* _EXERCISE REQUIREMENTS_
Transcribe only the lines in the data below falling between the line with "Figura 4. Fotografia" and the line with "ももたろう 草津店 動画", including those two lines, and leave out any picture.

[DATA SHOWN — start]

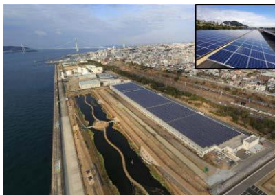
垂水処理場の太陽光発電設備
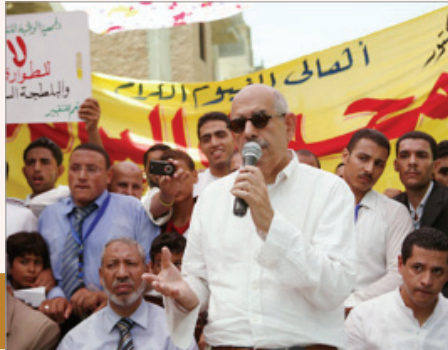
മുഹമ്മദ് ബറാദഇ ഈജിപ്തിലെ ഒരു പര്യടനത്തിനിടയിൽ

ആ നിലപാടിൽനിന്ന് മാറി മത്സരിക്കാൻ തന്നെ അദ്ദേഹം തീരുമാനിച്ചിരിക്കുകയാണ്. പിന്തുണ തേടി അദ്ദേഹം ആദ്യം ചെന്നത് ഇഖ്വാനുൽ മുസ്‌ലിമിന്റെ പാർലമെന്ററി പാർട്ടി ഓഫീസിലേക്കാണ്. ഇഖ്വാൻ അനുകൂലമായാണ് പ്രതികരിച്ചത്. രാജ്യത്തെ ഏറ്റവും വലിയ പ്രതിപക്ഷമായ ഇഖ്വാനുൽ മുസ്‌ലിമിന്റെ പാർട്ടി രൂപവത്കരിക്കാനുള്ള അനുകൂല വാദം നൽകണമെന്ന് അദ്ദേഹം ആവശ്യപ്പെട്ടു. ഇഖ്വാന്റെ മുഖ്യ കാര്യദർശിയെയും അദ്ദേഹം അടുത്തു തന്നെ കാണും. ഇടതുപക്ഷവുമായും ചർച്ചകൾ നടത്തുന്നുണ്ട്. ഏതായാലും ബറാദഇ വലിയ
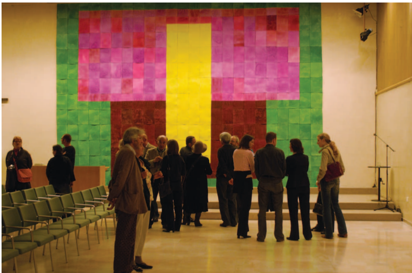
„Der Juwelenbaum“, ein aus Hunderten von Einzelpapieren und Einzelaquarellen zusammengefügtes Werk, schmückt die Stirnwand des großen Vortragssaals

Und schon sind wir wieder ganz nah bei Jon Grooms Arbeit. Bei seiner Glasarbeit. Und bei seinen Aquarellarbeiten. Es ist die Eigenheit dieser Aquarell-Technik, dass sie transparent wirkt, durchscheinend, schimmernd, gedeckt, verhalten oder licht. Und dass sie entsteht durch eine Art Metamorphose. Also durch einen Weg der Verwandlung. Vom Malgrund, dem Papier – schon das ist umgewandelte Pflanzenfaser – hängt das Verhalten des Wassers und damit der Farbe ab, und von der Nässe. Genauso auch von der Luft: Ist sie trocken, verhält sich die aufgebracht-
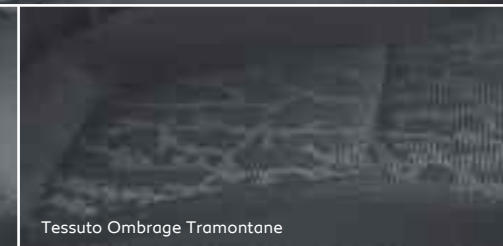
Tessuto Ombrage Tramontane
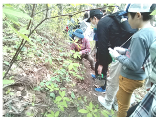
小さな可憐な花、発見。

[DATA SHOWN — finish]
[DATA SHOWN — start]

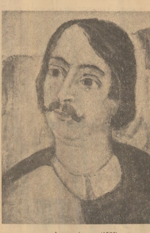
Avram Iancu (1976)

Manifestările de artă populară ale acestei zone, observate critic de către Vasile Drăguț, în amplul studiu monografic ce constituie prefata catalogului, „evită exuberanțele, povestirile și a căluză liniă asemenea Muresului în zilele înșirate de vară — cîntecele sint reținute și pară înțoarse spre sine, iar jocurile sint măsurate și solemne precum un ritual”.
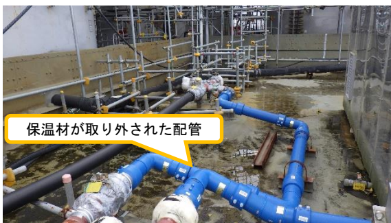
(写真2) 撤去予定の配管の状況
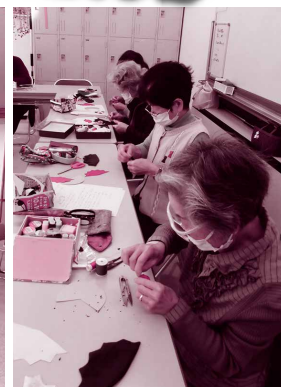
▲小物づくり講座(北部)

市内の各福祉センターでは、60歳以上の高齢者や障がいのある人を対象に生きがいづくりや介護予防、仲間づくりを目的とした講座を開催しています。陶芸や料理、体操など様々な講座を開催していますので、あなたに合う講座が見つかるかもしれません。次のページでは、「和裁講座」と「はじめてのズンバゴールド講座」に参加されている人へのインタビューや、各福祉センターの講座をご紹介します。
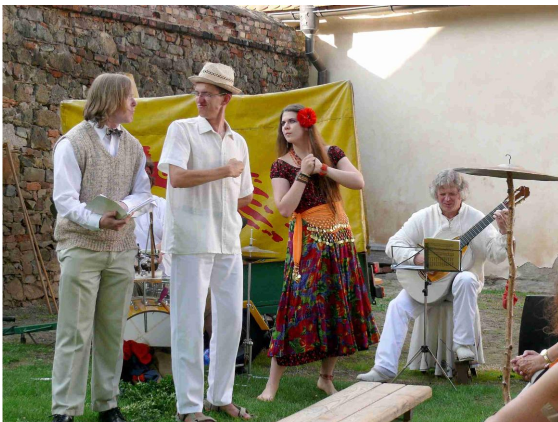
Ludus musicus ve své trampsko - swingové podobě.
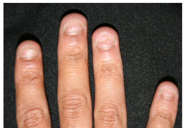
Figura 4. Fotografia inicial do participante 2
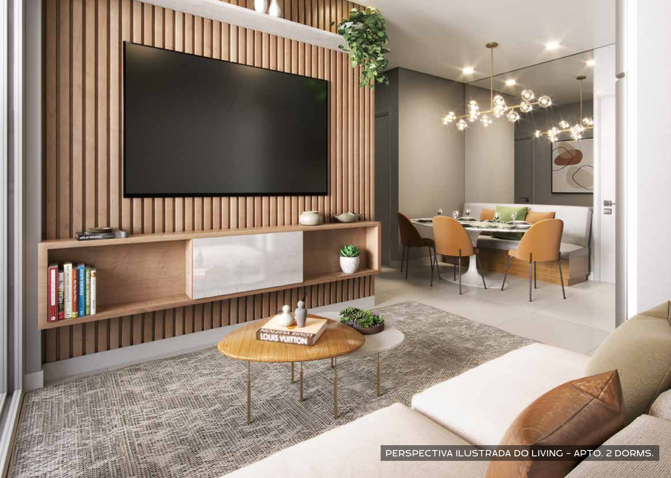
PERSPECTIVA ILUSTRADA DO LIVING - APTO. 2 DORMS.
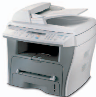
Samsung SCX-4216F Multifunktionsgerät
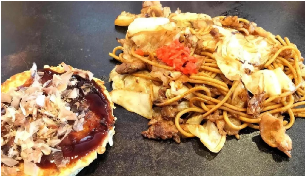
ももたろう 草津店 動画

[DATA SHOWN — finish]

* _TASK RESPONSE_
Figura 4. Fotografia inicial do participante 2
PERSPECTIVA ILUSTRADA DO LIVING - APTO. 2 DORMS.
Samsung SCX-4216F Multifunktionsgerät
ももたろう 草津店 動画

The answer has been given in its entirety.